Three key digital technologies are enabling the smart factory: connectivity (e.g., using industrial IoT to collect data from existing assets and new sensors); intelligent automation (e.g., advanced robotics, machine vision, distributed control, drones); and cloud scale data management and analytics (e.g., implementing predictive analytics/AI).
These digital technologies also enable IT-OT convergence to support end-to-end digital continuity from design to operations (digital twin). This actually exceeded the expectations of 2017/18, as two years ago the executives surveyed were still assuming a 24 percent share.
More dynamic, faster, more ambitious
The automotive industry has set itself ambitious goals for the next five years and plans to transform 44 percent of its factories into smart plants. This puts it in the lead across all industries:
For example, the discrete manufacturing sector (excluding automotive) is expected to increase its share of smart factories by 42 percent by 2025, followed by the process industry at 41 percent, energy and utilities at 40 percent, and consumer goods at 37 percent.
The investment plans of automotive companies are also reflected in the share of total sales they intend to invest in smart factories each year: This is expected to rise from around 2.2 percent in the past three years to 3.5 percent by 2023 - an increase of 62 percent.

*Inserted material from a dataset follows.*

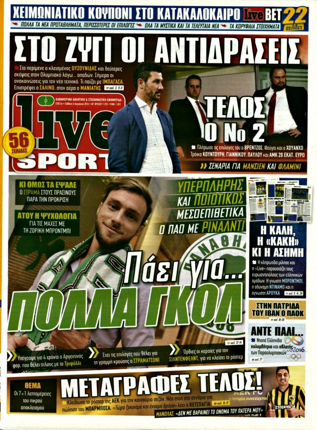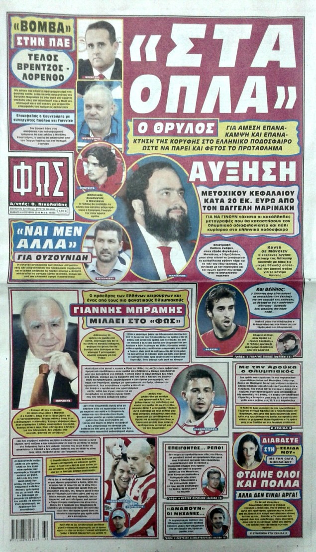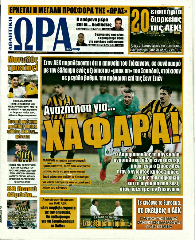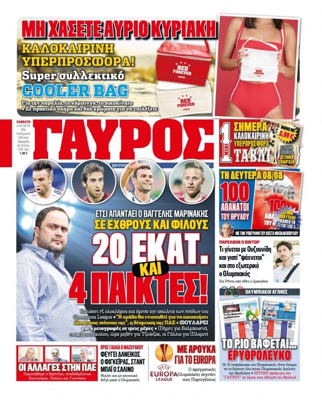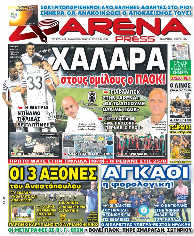 Oι αθλητικές εφημερίδες 6/8/2016 Enikos Newsroom 05:23, Σάββατο 06 Αυγούστου 2016 Media Διαβάστε τα σημερινά πρωτοσέλιδα των αθλητικών εφημερίδων: ΑΘΛΗΤΙΚΕΣ ΕΦΗΜΕΡΙΔΕΣ ΠΡΩΤΟΣΕΛΙΔΑ Μοιράσου το: σχολίασε κι εσύ (0 σχόλια) Ακολουθήστε το enikos.gr στο Google News και μάθετε πρώτοι όλες τις ειδήσεις Δείτε όλες τις τελευταίες ειδήσεις από την Ελλάδα και τον Κόσμο στο enikos.gr Ειδήσεις Ροή Ειδήσεων 46 λεπτά πριν Ευρωπαϊκή Ένωση: Συμφωνία για δάνειο 90 δισ. ευρώ στην Ουκρανία τη διετία 2026-2027 5 ώρες πριν ΟΠΕΚΕΠΕ: Προφυλακιστέος ο φερόμενος αρχηγός και ο λογιστής της εγκληματικής οργάνωσης 6 ώρες πριν Αυξάνουν την πίεση προς την κυβέρνηση οι αγρότες: Κλείνουν παρακαμπτήριους και ανοίγουν διόδια – Τι θα γίνει τις γιορτές 6 ώρες πριν Φοινικούντα: Το Σάββατο απολογείται ο 30χρονος γιος γνωστού επιχειρηματία της Πλάκας που παραδόθηκε – Όσα είπε στους αστυνομικούς και ο ρόλος του στο έγκλημα 5 ώρες πριν ΑΕΚ – Κραϊόβα 3-2: Επική ανατροπή και πρόκριση στους «16» του Conference League η Ένωση 6 ώρες πριν Αρχαιολόγοι ανακάλυψαν ρωμαϊκά τεχνουργήματα από μια πόλη που δεν υπήρξε ποτέ – Τα τρία εντυπωσιακά κτίρια και ο αμφορέας με τις… σαρδέλες 7 ώρες πριν Ύπνος: Η απλή βραδινή ρουτίνα για να προστατεύσετε τα μαλλιά σας από το κρύο κατά τη διάρκεια του χειμώνα 8 ώρες πριν Manifesting: Πώς να συναντήσετε τον σύντροφο της ζωής σας, ανάλογα με τον μήνα γέννησής σας 2 ημέρες πριν 20 χρόνια τα Χριστούγεννα ξεκινούν στα Public με μεγάλη ποικιλία σε δώρα! 9 λεπτά πριν Αυστραλία: Κήρυξε την Κυριακή (21/12) ημέρα εθνικού πένθους για τη φονική επίθεση στην παραλία Μπόνταϊ 19 λεπτά πριν Ρόδος: Δάσκαλος καράτε καταδικάστηκε για ασέλγεια σε ανήλικες αθλήτριες – Μαρτυρίες για αγγίγματα σε ευαίσθητα σημεία 34 λεπτά πριν Γουατεμάλα: Εξαρθρώθηκε κύκλωμα διακίνησης μεταναστών προς τις ΗΠΑ – Συνελήφθησαν 14 άτομα 38 λεπτά πριν Βουλγαρία: Χιλιάδες πολίτες στους δρόμους κατά της απερχόμενης κυβέρνησης και της διαφθοράς 46 λεπτά πριν Ευρωπαϊκή Ένωση: Συμφωνία για δάνειο 90 δισ. ευρώ στην Ουκρανία τη διετία 2026-2027 ENIKOS NETWORK Σε περίοδο αυξημένης δραστηριότητας η γρίπη στην Ελλάδα-Μέτρα προστασίας από τον ΕΟΔΥ Σκέφτεστε συνέχεια συζητήσεις που έχετε κάνει; Τι σημαίνει αυτό, σύμφωνα με ειδικό Στεγαστικό: Τι λέει η ΠΟΜΙΔΑ για τα νέα μέτρα που ανακοίνωσε ο Κυριάκος Μητσοτάκης Λαγκάρντ: Αισιόδοξη για την ανάπτυξη της Ευρωζώνης, αβέβαιη για τον πληθωρισμό Χαρτογραφώντας το «σημείο χωρίς επιστροφή»: Για πρώτη φορά αποκαλύπτεται με λεπτομέρεια το ακανθώδες όριο της ατμόσφαιρας τ... Η Google καταργεί τη λειτουργία «dark web report» – Πώς θα μπορούν οι χρήστες να διαγράφουν τα δεδομένα τους περισσότερα 02:50 , Παρασκευή 19 Δεκεμβρίου 2025 GNTM: «Κλείδωσαν» οι τέσσερις φιναλίστ – Μεγάλη ανατροπή στις τελευταίες αποχωρήσεις Για προτελευταία φορά εμφανίστηκαν στο πλατό του GNTM οι φιναλίστ του φετινού κύκλου, το βράδυ... 17:45 , Πέμπτη 18 Δεκεμβρίου 2025 ROUK ZOUK: Εορταστικό επεισόδιο με καλεσμένους τους πρωταγωνιστές του «Γιατί ρε πατέρα» Το Σάββατο 20 Δεκεμβρίου στις 21:00, η Ζέτα Μακρυπούλια υποδέχεται εκλεκτούς ηθοποιούς που όλο... 17:20 , Πέμπτη 18 Δεκεμβρίου 2025 Άγιος έρωτας: Η Χριστίνα εξομολογείται στον πατέρα Νικόλαο, απόψε στις 21:00 στον Alpha Η Νότα αποφασίζει να εκδικηθεί τον Πέτρο και τον Στέφανο, για χάρη του Λούη, όμως τα πράγματα ... 16:50 , Πέμπτη 18 Δεκεμβρίου 2025 Να μ’ αγαπάς: Ζωή και Φωτεινή συμφιλιώνονται ως μάνα με κόρη, απόψε στις 20:00 Η ταυτότητα του Άγγελου αποκαλύπτεται στο νέ

Automotive companies will focus their investments on a combination of greenfield and brownfield facilities: 44 percent plan to take a hybrid approach, 31 percent are considering building brownfield plants, and 25 percent plan to invest in a greenfield plant.
"Automotive companies have made better progress than anticipated on their smart factory initiatives over the past two years and now plan to pick up the pace.
Automakers and suppliers are poised for major investments - and we expect them to pay off by 2023, with automotive companies achieving annual productivity gains of 2.8 to 4.4 percent"
says Jacqueline Wild, Head of Practices and Innovation at Capgemini in Austria.
"For the automotive industry, however, the key now is to close the gaps in the talent pool, technology strategy and scaling. Only then can they take full advantage."
The automotive industry has set itself high KPI targets, but it still has a long way to go before it can fully exploit the potential of smart factories:
For example, overall equipment effectiveness improved by only eleven percent, compared to the target of 38 percent. This makes it clear that there is still room for improvement, especially when it comes to fully scaling smart factory initiatives.